Маргарет Дуди - Афинский яд
Гиперид замолчал, но продолжал стоять. Аристогейтон и Эвфий брызгали слюной и отчаянно протестовали. Кто-то — среди них Эвримедонт и Ферамен — изрыгали проклятия в адрес женщины и Гиперида, кто-то кричал, чтобы они прекратили. Басилевс долго не мог утихомирить присяжных, чтобы задать традиционный вопрос. Какие-то мгновения — и Фрину оправдали подавляющим большинством голосов. Лишь несколько наиболее стойких духом (но не обязательно самых старых) не поддались чарам красоты, благоговению пред богиней и собственной жалости.
Когда стало ясно, что знаменитой гетере не угрожает смертная казнь, волнение лишь усилилось. Многие присяжные, не удовлетворившись вынесением оправдательного приговора, подбегали к ней, чтобы поздравить лично. Фрина, все еще обнаженная, с очаровательной любезностью отвечала каждому. Все мужчины вели себя с невероятной почтительностью, не смея коснуться ее обнаженного, сияющего, такого близкого тела, но Фрина сама одаривала рукопожатием или другим знаком внимания и признательности тех, кто желал этого. Никем не остановленная, прибежала служанка и накинула плащ на тело своей прекрасной госпожи. Но Фрина не ушла, пока не поговорила с каждым. Наконец, она взглянула на Гиперида, который, совершенно обессиленный, сидел на краю помоста, вытирая лицо. Они не коснулись друг друга, но долгий, красноречивый взгляд заменил им объятие — а потом Фрина удалилась. Богиня исчезла. Оскорбление Афродите не было нанесено.
XVII
куклы и статуи
Разумеется, суд закончился неслыханным беспорядком. В то время как архонты поздравляли Фрину, другие граждане вопили и окликали ее, вставали на цыпочки и подпрыгивали.
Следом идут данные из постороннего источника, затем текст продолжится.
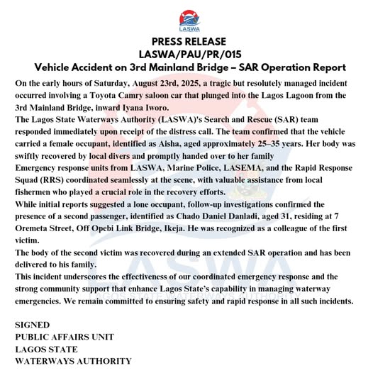 The Lagos State Waterways Authority (LASWA) has confirmed the recovery of the body of a second victim after a Toyota Camry saloon car somersaulted and plunged into the Lagos Lagoon from the Third Mainland Bridge.
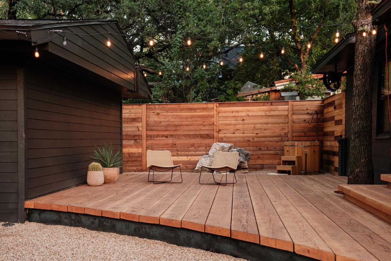 The boundaries of the property were treated as design opportunities rather than constraints. A thoughtfully detailed fence of sustainably sourced Golden Balau hardwood capped with steel plate frames the space from the street.
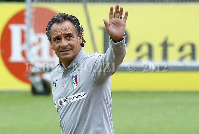 | ITALY, COVERCIANO : Italy's national football coach team Cesare Prandelli cheers with supporters during the training session at the Italian Football Federation technical center in Coverciano, near Florence, on September 3, 2012. Italy will play Bulgaria in a World Cup 2014 qualification match on September 7 in Sofia. AFP PHOTO / FABIO MUZZI | IMAGE_4828.JPG | 03/09/12 17.46 | |
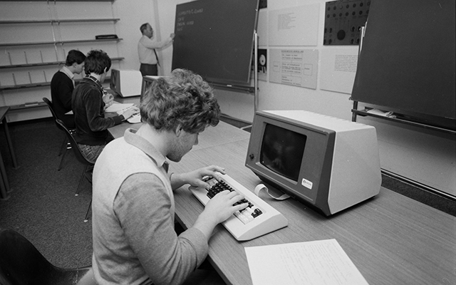 Studenten bedienen die Prime-400-Rechenanlage mit dem VC-414-Terminal. Im Hintergrund Dozent Ulrich Stricker, der massgeblich für den neuen Studiengang verantwortlich war. Quelle: ETH-Bibliothek Zürich, Bildarchiv / Fotograf: Vogt, Jules / Com_M30-0281–0001–0004 / CC BY-SA 4.0
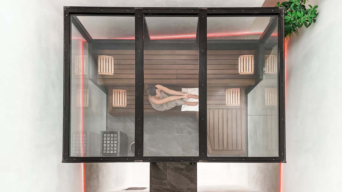 finská sauna#, pára#, relaxační koutek# s lehátky, posilovna; služby označené # mohou využívat osoby od 16 let

Особенно старались те, кто не сумел занять хорошее место и потому пропустил незабываемый момент разоблачения. Восклицаниям и разговорам не было конца. Большинство присутствующих испытывали облегчение и даже радость.
— Это вроде хорошей трагедии, когда, боясь, что главный герой умрет, сидишь как на иголках, а в самом конце приходит спасение. Будто история Алкесты, возвращенной из Царства Мертвых, — сказал какой-то мужчина.
— Что ж, — довольно ответил другой, — не знаю, окончен ли подсчет голосов, но готов поспорить на моего лучшего мула, что Аристогейтон с Эвфием не набрали и пятой части!
— Значит, придется им платить штраф, — возликовал кто-то. — Аристогейтон и без того в долгах. Вот будет веселье — выбивать из него денежки!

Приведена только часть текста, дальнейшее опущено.